Afterwards I'm regenerating the locals with sudo locale-gen. This is the output

Generating locales (this might take a while)...
  de_DE.ISO-8859-1... done
  de_DE.UTF-8... done
  de_DE.ISO-8859-15@euro... done
Generation complete.

Now I'm trying to install a package sudo apt-get install -y php7.0-fpm and am getting the warning

perl: warning: Setting locale failed.
perl: warning: Please check that your locale settings:
    LANGUAGE = (unset),
    LC_ALL = (unset),
    LC_CTYPE = "de_DE.UTF-8",
    LANG = "en_US.UTF-8"
    are supported and installed on your system.
perl: warning: Falling back to the standard locale ("C").
locale: Cannot set LC_MESSAGES to default locale: No such file or directory
locale: Cannot set LC_ALL to default locale: No such file or directory

Why does de_DE.UTF-8 come up there? I also want to do this without using dpkg-reconfigure because this is a script which should do everything without user input. And dpkg-reconfigure simply creates the locale.gen file, nothing more, right?

Also, when using sudo dpkg-reconfigure locales the entries from my own locale.gen file are already selected. So it seems like part of this works.

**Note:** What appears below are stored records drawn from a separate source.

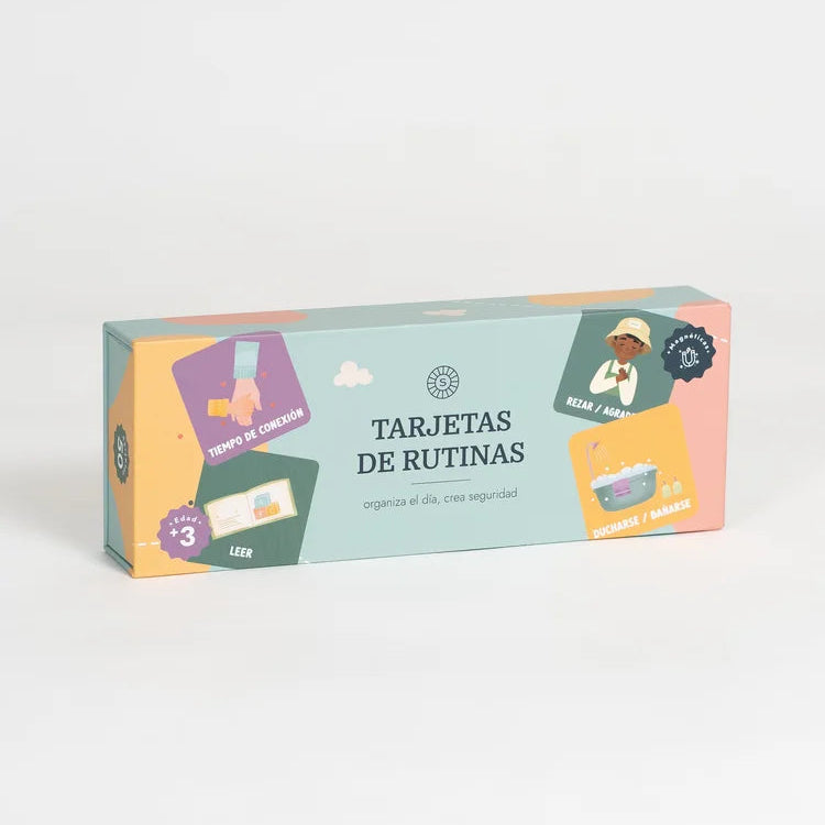 Cada tarjeta tiene una ilustración que representa una actividad cotidiana, como comer, cepillarse los dientes, jugar, dormir y muchas más. Así, los niños pueden anticipar lo que sucederá durante el día, lo cual les brindará mayor seguridad y confianza.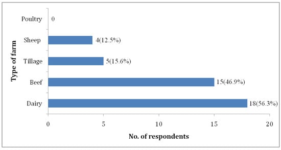 From total subjects, more than 60% of the respondents were completely dependent on farming while others (37.5%) are doing farming part-time. Moreover, 28.1% of the respondents followed mixed farming (Type of farming which involves both the growing of crops and the raising of livestock) while 71.9% were not. 56.3% of the participants in the survey were dairy farmer while the least (12.5%) were sheep farmers as shown in the Figure 2.
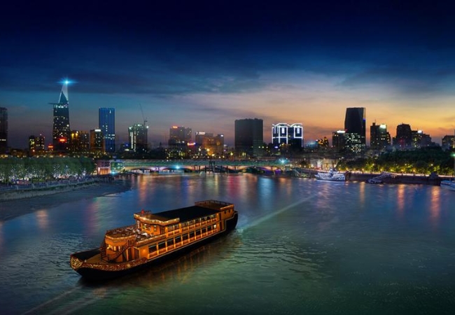 Ngồi trên tàu xuôi theo dòng nước, bạn sẽ chiêm ngưỡng khung cảnh lung linh của Sài Gòn về đêm. Những tòa cao ốc hiện đại với hàng ngàn ánh đèn lấp lánh phản chiếu trên mặt sông tạo nên bức tranh huyền ảo.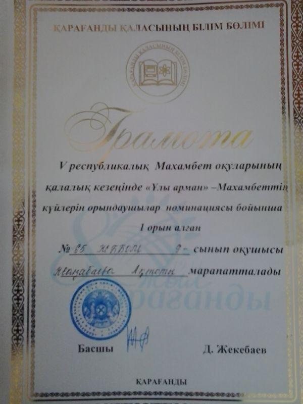 06 мамыр 2014 ж. өткен Ү республикалық Махамбет оқуларының қалалық кезеңінде «Ұлы арман» - Махамбеттің күйлерін орындаушылар номинациясы бойынша 9 сынып оқушысы Жаңабаева Ақтоты І орын и…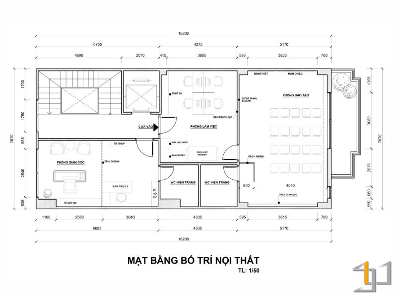 Văn Phòng Vạn Phúc được thiết kế nội thất ứng dụng phong cách hiện đại (modern), có màu sắc tươi sáng và đường nét dứt khoát, đáp ứng mong muốn của chủ đầu tư. Khu vực chức năng bên trong bao gồm: 1 phòng giám đốc, 1 phòng trợ lý, 1 khu vực làm việc chung của các nhân viên, 2 WC và 1 phòng đào tạo. Tại phòng nhân viên thường xuyên diễn ra hoạt động đi lại được trải thảm để hạn chế tiếng ồn ảnh hưởng đến quá trình làm việc. Phòng trợ lý đặt cạnh phòng giám đốc để thuận tiện cho việc tương tác hoặc đón tiếp đối tác công ty.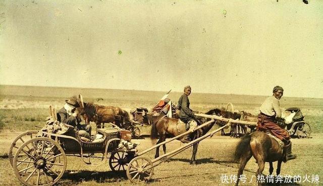 斯特凡加尔各答和库伦之间的老马车(照片上的是俄罗斯和法国国旗)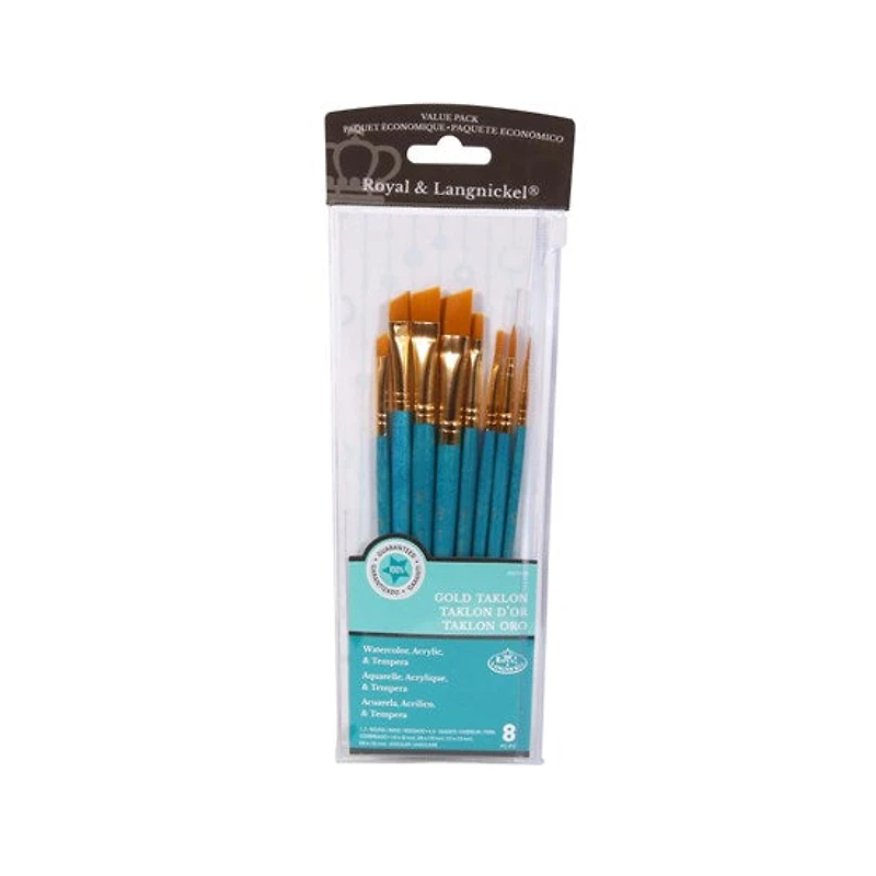 Cet ensemble compte 8 pinceaux polyvalents à manche court. Dotés d’une virole en aluminium de qualité, ces pinceaux sont destinés à l’huile, l’acrylique et l’aquarelle.Comprend : deux pinceaux ronds 1 et 3, deux pinceaux à ombrage 4 et 6, quatre pinceaux biseautés 1/4 po, 3/8 po, 1/2 po et 5/8 po & un étui en plastique réutilisable Zip N’ CloseTMEntretien : garant de leur durabilité et de leur condition, le nettoyage des pinceaux est essentiel. Toujours nettoyer les pinceaux avant que la peinture ne sèche. L’utilisation d’un nettoyant hydratant pour pinceaux après un traitement au Taltine ou au savon évite aux soies de sécher et contribue au maintien de leur souplesse.Aquarelle : nettoyer à l’eau chaudeHuile : tremper le pinceau dans un solvant type Taltine. Nettoyer avec de l’eau chaude savonneuse et rincer à l’eau claire.Acrylique : nettoyer à l’eau chaude savonneuse et rincer à l’eau claire.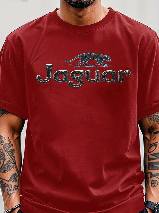 Men'S Jaguar Print Y2K Style T-Shirt - Red, Breathable Comfortable Short Sleeve Crew Neck Tee for Casual Wear, Outdoor Activities, and Everyday Comfort, Everyday Clothing Y2K Fashion Tee Comfortable Fit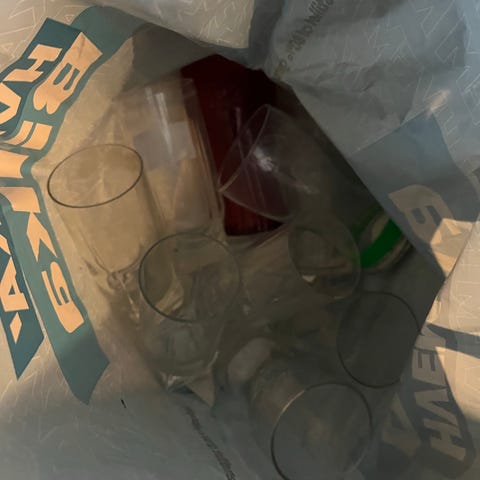 IKEA drikkeglas i klart glas med rillet, struktureret overflade.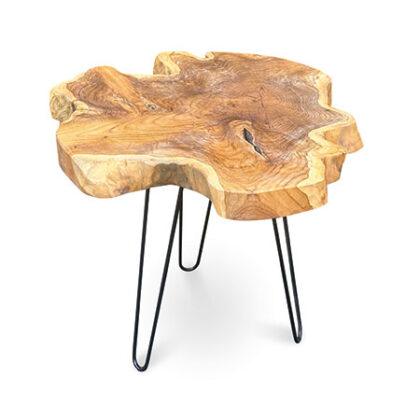 A unique side table made from slice of teak root, hand carved into a table top by Indonesian artists. Held up with 3 sturdy metal legs for a more industrial look.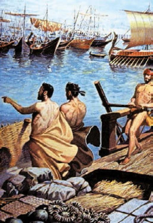生产资料和消费资料交换中,行使消费职能的资本家把不变资本,从消费资料形式再转化为消费资料的生产资料形式,使消耗的不变资本得到补偿,并重新执行资本的职能;同时,生产资料中的劳动力的等价物和资本家的剩余价值,则由生产资料的实物形式化为生活资料的实物形式进入个人消费。图中雅典商人只有贩出他们的货物才能赚取货币满足个人生活需求。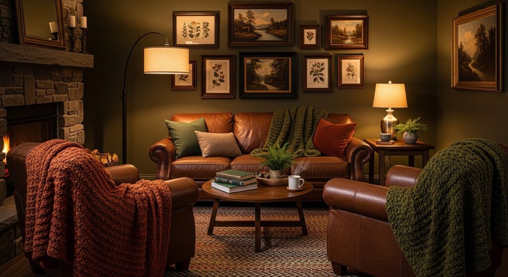 These plush textures balance harder surfaces like wood, stone, and leather beautifully throughout your room. Natural sheepskin regulates temperature wonderfully, staying cool in summer and warm in winter remarkably. The soft, cloud-like texture creates that essential cozy factor that makes dark earthy rooms genuinely inviting. Modern high-quality faux alternatives provide cruelty-free luxury that’s often easier to maintain. These luxurious natural textures prove that dark earthy living rooms can be supremely comfortable and indulgently soft.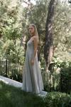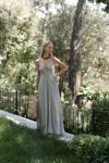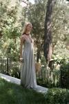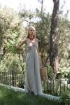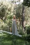 Volanlı, ayarlanabilir askılı, arka ortası gizli fermuarlı, keten karışımlı maxi elbise.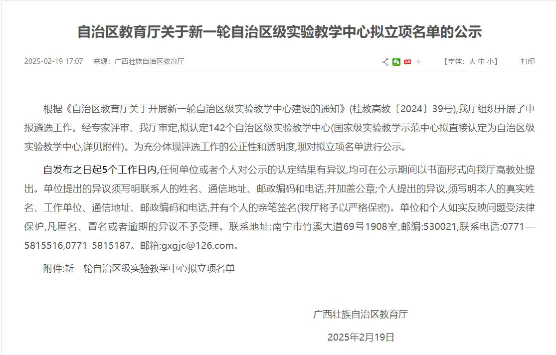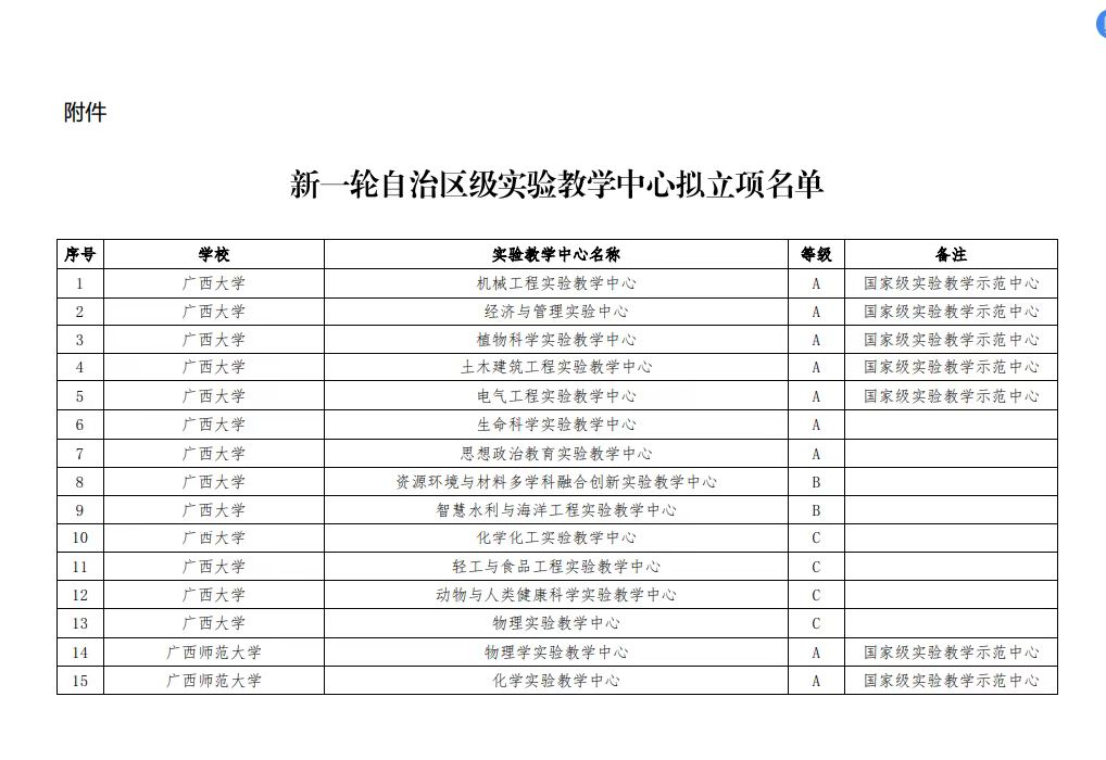 根据《自治区教育厅关于开展新一轮自治区级实验教学中心建设的通知》(桂教高教[2024]39号),区教育厅组织开展了申报遴选工作,经专家评审,区教育厅审定,明升88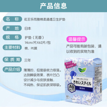 花王(KAO) 花王护垫进口日本花王乐而雅卫生巾护垫银离子14cm62片 2包 |

When typing in locale -a these are the results

C
C.UTF-8
de_DE
de_DE@euro
de_DE.iso88591
de_DE.iso885915@euro
de_DE.utf8
deutsch
german
POSIX

1 Answers1

2

At the moment you seem to have changed LC_CTYPE but not LANG

Make sure you updated /etc/default/locale correctly. Then you could just source /etc/default/locale after running locale-gen.